Page 1 of 1
Calculation is stuck but no error reported on a cluster
Posted: Mon Apr 11, 2022 12:39 pm
by Ruonan
Dear developers,
I got an error when running on the cluster. Could you please have a look if you have any ideas/experience?
I'm using version 7.1.0-patch. I have 3 nodes, each node has 20 processors. I set "n_procs:60 n_threads:1", which succeed before. But now, the simulation seems to be stuck, don't know why. From the terminal, I can see "Starting calculation", which is ok. But when I got to the result folder, there is no run_solver.log file, and of course nothing in the listing. But no error appeared. Please see the figure below.
But, interestingly, if I set "n_procs:20 n_threads:1", the simulation can run.
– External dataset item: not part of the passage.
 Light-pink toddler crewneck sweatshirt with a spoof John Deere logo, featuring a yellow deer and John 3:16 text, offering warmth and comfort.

I attached a snippet from the performance.log, where you can find the feature of the nodes.
Code: Select all
Local case configuration:
Date: Mon 11 Apr 2022 12:14:59 BST
System: Linux 3.10.0-693.5.2.el7.x86_64
Machine: galaxy2.swmgmt.eureka
Processor: model name : Intel(R) Xeon(R) CPU E5-2680 v2 @ 2.80GHz
Memory: 128706 MB
Directory: /users/rw00793/cases_20220405/Severac_closed_rotor_stator_y30_r50_rt50/wmles_rot/RESU/20220411-1214
MPI ranks: 20
OpenMP threads: 1
Processors/node: 1
Compilers used for build:
C compiler: gcc (GCC) 4.9.3
C++ compiler: g++ (GCC) 4.9.3
Fortran compiler: GNU Fortran (GCC) 4.8.5 20150623 (Red Hat 4.8.5-16)
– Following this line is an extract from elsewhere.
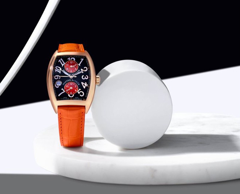 Часы Franck Muller Master Banker Asia Exclusive представлены в корпусе из розового золота 18к размером 39.6 x 55.4 мм водонепроницаемостью 30 метров. Внутри корпуса установлен автоматический механизм, Калибр MVD 2800-MBSC, обладающий запасом хода 42 часа. На черном с оранжевым циферблате отображаются часы, минуты, секунды, дата, время второго часового пояса. Часы поставляются на ремешке из кожи аллигатора с вставкой из розового золота 18к.
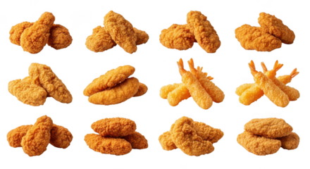 Assortment of crispy battered fish fillets, cut out - stock png.

MPI version: 3.0 (MPICH 3.1.2)
OpenMP version: 4.0
External libraries:
I/O read method: standard input and output, serial access
I/O write method: standard input and output, serial access
I/O rank step: 1
This problem didn't happen before, which is quite confusing. It will be great if you can give me a hint. Thank you!
Best regards,
Ruonan
Re: Calculation is stuck but no error reported on a cluster
Posted: Mon Apr 11, 2022 11:40 pm
by Yvan Fournier
Hello,
The snippet is from another run, correct ? If the computation does not even open the run_solver.log, it means it locks very early on. Given that it hangs on 60 procs (3 nodes) but works on 20 (1 node), I would guess this is an MPI initialization issue.
Is the MPI configuration identical to that of other installs ? Is the post-install done the same way ?
Regards,
Yvan
Re: Calculation is stuck but no error reported on a cluster
Posted: Tue Apr 12, 2022 11:32 am
by Ruonan
Hello Yvan,
Thanks for your reply! I'm sorry for my unclear post.
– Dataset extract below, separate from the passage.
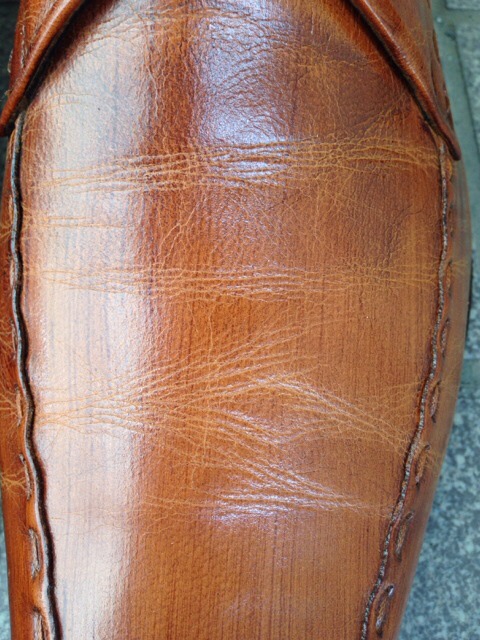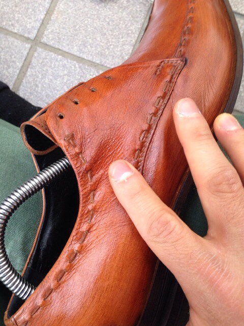 乾燥してますねー、この革靴は2か月ぐらいクリームを入れていなかったので、アッパーのカーフが、かさかさっとしてます。

Yes, you are right. I was assigned 3 nodes. I set whether to use 1 node or 3 nodes in the run.cfg. The snippet is from using 1 node, which the case can run with no problem. But when I use 3 nodes, the case hung on, and didn't even open the run_solver.log.
For installation, I always do the same things, so I didn't notice any installation issues so far.
Would it be possible to change some MPI settings in setup.xml, or to re-install Code_Saturne with a different MPI version, to solve this issue?
Best regards,
Ruonan
Re: Calculation is stuck but no error reported on a cluster
Posted: Tue Apr 12, 2022 1:32 pm
by Yvan Fournier
Hello,
You may reinstall with a different MPI, but you may also (more simply) force some MPI settings in the post-install (code-saturne.cfg) file, in case the automatic settings do not work well.
Especially, check that the "mpixec" command used matches that of the MPI library, and when running on a cluster, check that this MPI installation is configured to work across the cluster (you can test that easily running "mpiexec -n 60 /usr/bin/hostname" for example).
Best regards,
Yvan
Re: Calculation is stuck but no error reported on a cluster
Posted: Thu Apr 28, 2022 10:22 pm
by Ruonan
Hello Yvan,
Thank you very much for your help. I'm following your suggestions, made some progress, but still haven't fixed this problem.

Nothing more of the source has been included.